Segment Start: Provided data

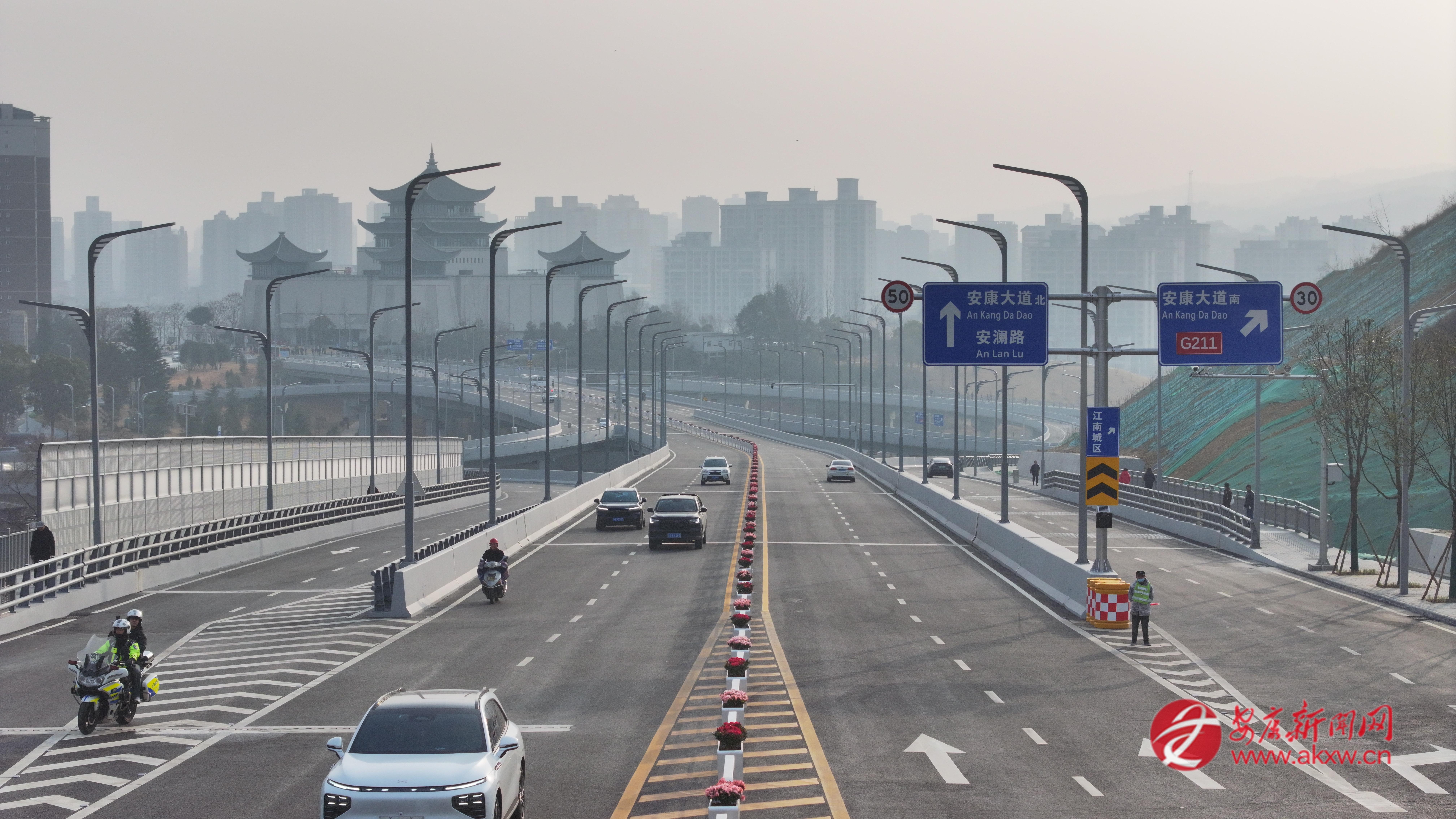 安康首座全互通立交通車
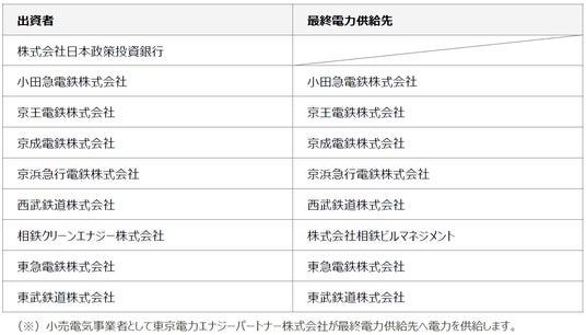 【出資者および最終電力供給先】
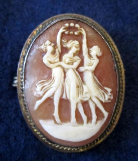 Antik brosche/vedhæng i sølv med camè med de tre gratier, Italien, 19. årh.
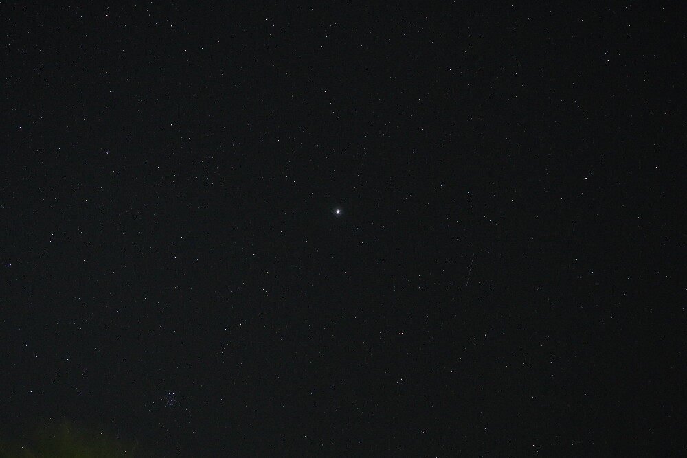 Le ciel étoilé, avec Jupiter au milieu.

Segment End: Provided data

> _Task description_
Where the line containing "Antik brosche/vedhæng i" appears in the data above, begin there and output every line through the last, exactly and without pictures.

> _Task answer_
 Antik brosche/vedhæng i sølv med camè med de tre gratier, Italien, 19. årh.
 Le ciel étoilé, avec Jupiter au milieu.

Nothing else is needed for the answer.